▶ What this task involves: Write every entry out again exactly, please, and skip the pictures.

Extracted material START

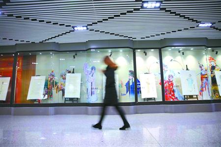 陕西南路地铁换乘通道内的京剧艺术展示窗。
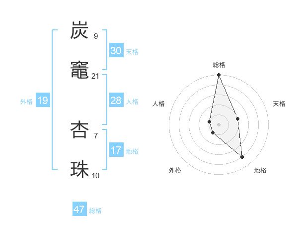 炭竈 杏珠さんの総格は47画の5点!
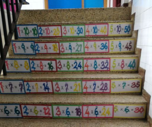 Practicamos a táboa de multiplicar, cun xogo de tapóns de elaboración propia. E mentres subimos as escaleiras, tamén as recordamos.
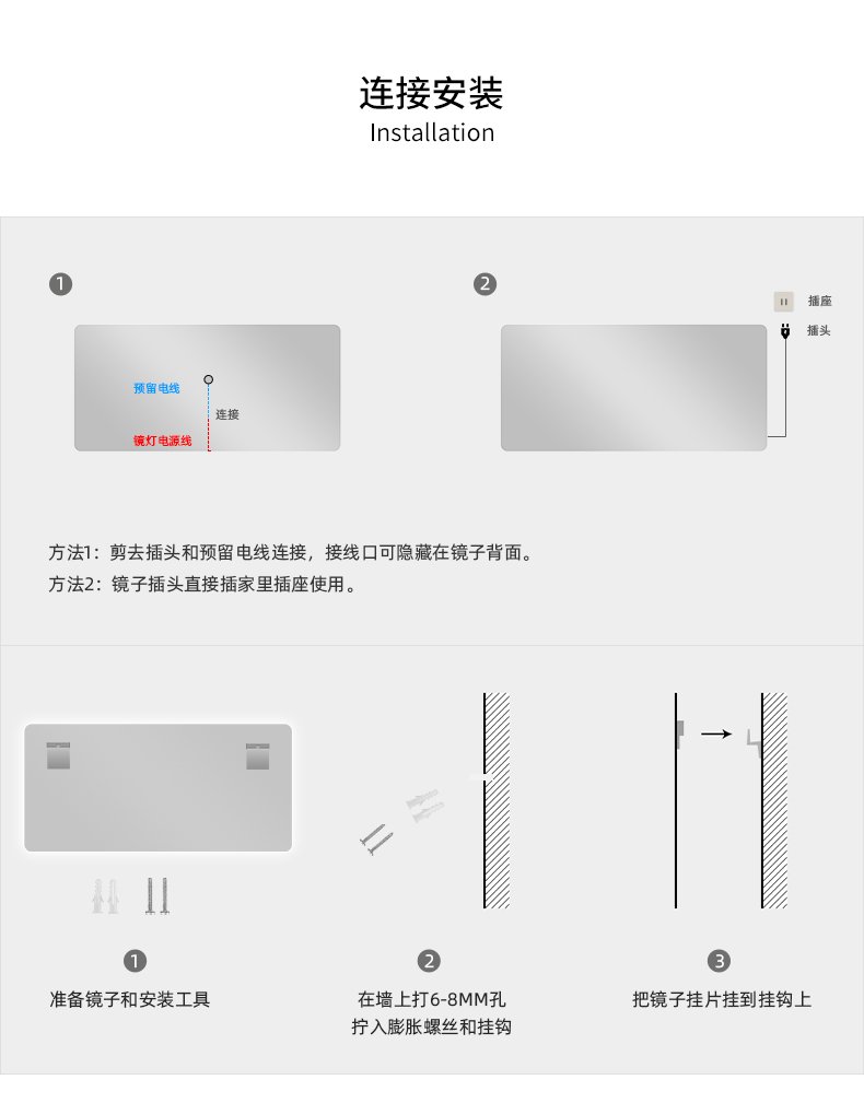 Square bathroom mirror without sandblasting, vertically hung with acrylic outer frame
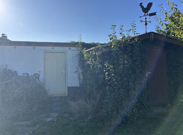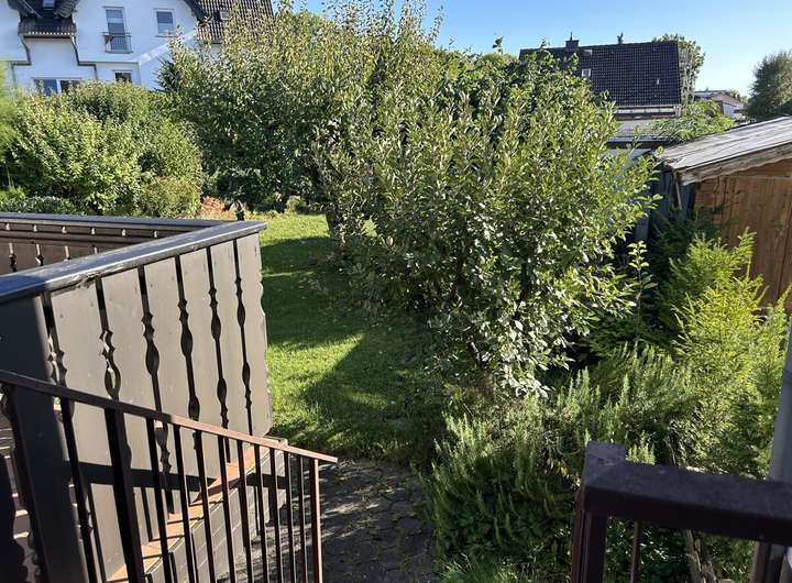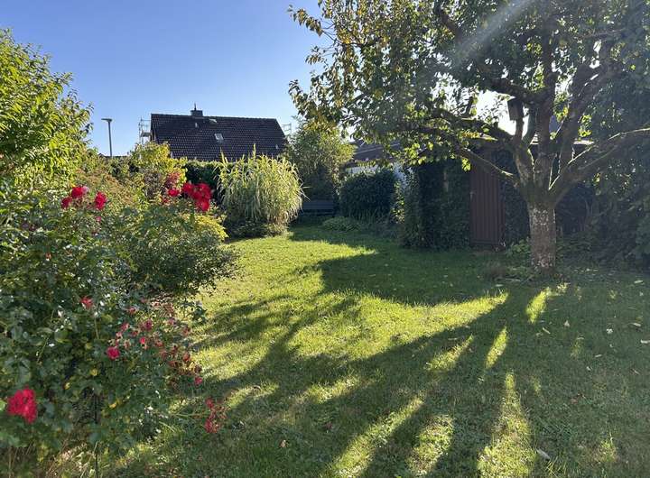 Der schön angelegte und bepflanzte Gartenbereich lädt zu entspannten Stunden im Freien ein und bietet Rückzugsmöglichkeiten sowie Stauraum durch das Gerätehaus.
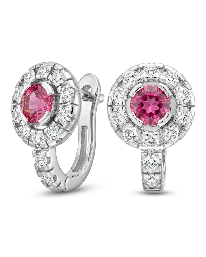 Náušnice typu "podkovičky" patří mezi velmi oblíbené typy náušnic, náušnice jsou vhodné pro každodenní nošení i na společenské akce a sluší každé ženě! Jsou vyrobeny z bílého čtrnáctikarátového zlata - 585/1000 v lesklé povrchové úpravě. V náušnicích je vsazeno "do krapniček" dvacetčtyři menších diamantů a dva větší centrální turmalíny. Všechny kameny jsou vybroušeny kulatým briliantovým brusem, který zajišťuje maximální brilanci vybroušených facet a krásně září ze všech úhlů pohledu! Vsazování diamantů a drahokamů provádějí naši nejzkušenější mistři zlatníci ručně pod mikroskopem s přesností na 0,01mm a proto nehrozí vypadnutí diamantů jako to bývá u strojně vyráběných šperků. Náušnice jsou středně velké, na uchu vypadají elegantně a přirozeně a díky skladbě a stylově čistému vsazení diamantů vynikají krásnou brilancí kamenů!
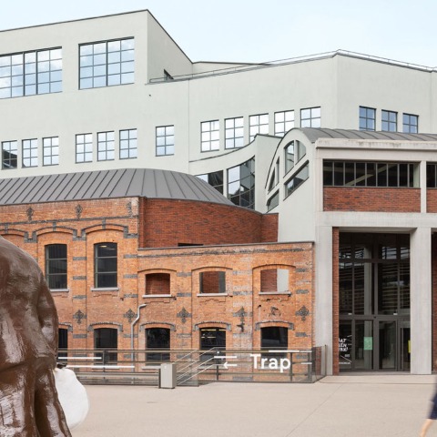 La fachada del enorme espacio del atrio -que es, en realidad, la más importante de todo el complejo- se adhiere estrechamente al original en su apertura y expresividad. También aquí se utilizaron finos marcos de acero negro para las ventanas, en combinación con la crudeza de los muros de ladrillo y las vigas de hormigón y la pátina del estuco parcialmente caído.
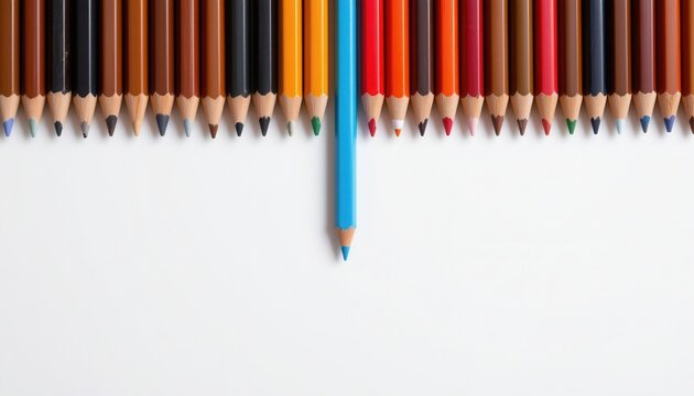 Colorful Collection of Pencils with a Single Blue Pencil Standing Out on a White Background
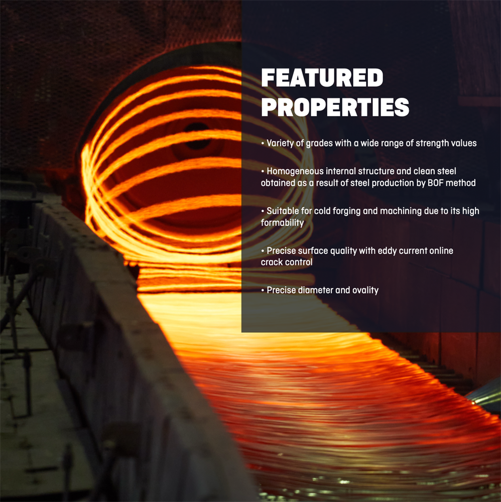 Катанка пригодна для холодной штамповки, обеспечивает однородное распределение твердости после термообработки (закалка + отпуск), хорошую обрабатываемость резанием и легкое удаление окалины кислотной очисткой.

Extracted material END

▶ Answer to the problem:
 陕西南路地铁换乘通道内的京剧艺术展示窗。
 炭竈 杏珠さんの総格は47画の5点!
 Practicamos a táboa de multiplicar, cun xogo de tapóns de elaboración propia. E mentres subimos as escaleiras, tamén as recordamos.
 Square bathroom mirror without sandblasting, vertically hung with acrylic outer frame
 Der schön angelegte und bepflanzte Gartenbereich lädt zu entspannten Stunden im Freien ein und bietet Rückzugsmöglichkeiten sowie Stauraum durch das Gerätehaus.
 Náušnice typu "podkovičky" patří mezi velmi oblíbené typy náušnic, náušnice jsou vhodné pro každodenní nošení i na společenské akce a sluší každé ženě! Jsou vyrobeny z bílého čtrnáctikarátového zlata - 585/1000 v lesklé povrchové úpravě. V náušnicích je vsazeno "do krapniček" dvacetčtyři menších diamantů a dva větší centrální turmalíny. Všechny kameny jsou vybroušeny kulatým briliantovým brusem, který zajišťuje maximální brilanci vybroušených facet a krásně září ze všech úhlů pohledu! Vsazování diamantů a drahokamů provádějí naši nejzkušenější mistři zlatníci ručně pod mikroskopem s přesností na 0,01mm a proto nehrozí vypadnutí diamantů jako to bývá u strojně vyráběných šperků. Náušnice jsou středně velké, na uchu vypadají elegantně a přirozeně a díky skladbě a stylově čistému vsazení diamantů vynikají krásnou brilancí kamenů!
 La fachada del enorme espacio del atrio -que es, en realidad, la más importante de todo el complejo- se adhiere estrechamente al original en su apertura y expresividad. También aquí se utilizaron finos marcos de acero negro para las ventanas, en combinación con la crudeza de los muros de ladrillo y las vigas de hormigón y la pátina del estuco parcialmente caído.
 Colorful Collection of Pencils with a Single Blue Pencil Standing Out on a White Background
 Катанка пригодна для холодной штамповки, обеспечивает однородное распределение твердости после термообработки (закалка + отпуск), хорошую обрабатываемость резанием и легкое удаление окалины кислотной очисткой.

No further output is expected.